Task to carry out => The entries below contain a stretch that opens with the line containing "准备材料。鸡腿去骨切丁,用适" and closes with the line containing "Prov. | Comu. |"; set down that stretch exactly, both ends included, and nothing else.

Information provided =>
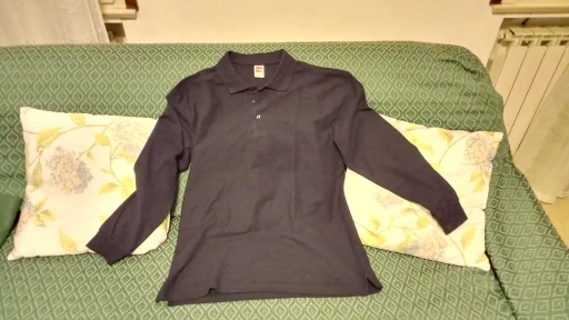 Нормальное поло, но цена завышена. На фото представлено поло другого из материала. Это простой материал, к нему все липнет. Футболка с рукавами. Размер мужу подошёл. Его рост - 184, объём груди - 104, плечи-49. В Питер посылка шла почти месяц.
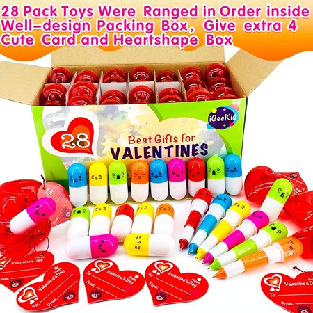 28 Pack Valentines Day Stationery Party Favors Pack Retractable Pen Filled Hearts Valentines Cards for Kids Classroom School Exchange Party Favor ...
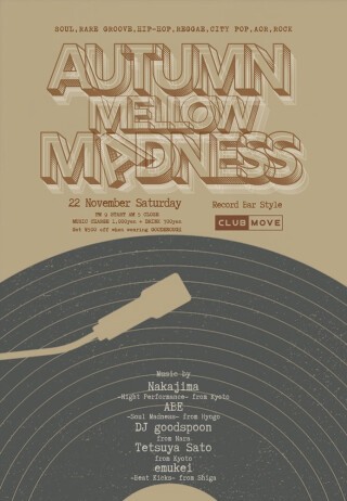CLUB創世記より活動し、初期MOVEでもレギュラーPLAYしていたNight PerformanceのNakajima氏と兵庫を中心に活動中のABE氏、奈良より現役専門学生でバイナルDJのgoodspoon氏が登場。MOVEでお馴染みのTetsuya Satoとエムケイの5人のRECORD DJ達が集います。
==
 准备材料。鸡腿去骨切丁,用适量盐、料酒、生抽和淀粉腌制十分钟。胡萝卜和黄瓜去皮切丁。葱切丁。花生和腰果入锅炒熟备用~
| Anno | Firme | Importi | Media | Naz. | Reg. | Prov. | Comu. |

Solution =>
 准备材料。鸡腿去骨切丁,用适量盐、料酒、生抽和淀粉腌制十分钟。胡萝卜和黄瓜去皮切丁。葱切丁。花生和腰果入锅炒熟备用~
| Anno | Firme | Importi | Media | Naz. | Reg. | Prov. | Comu. |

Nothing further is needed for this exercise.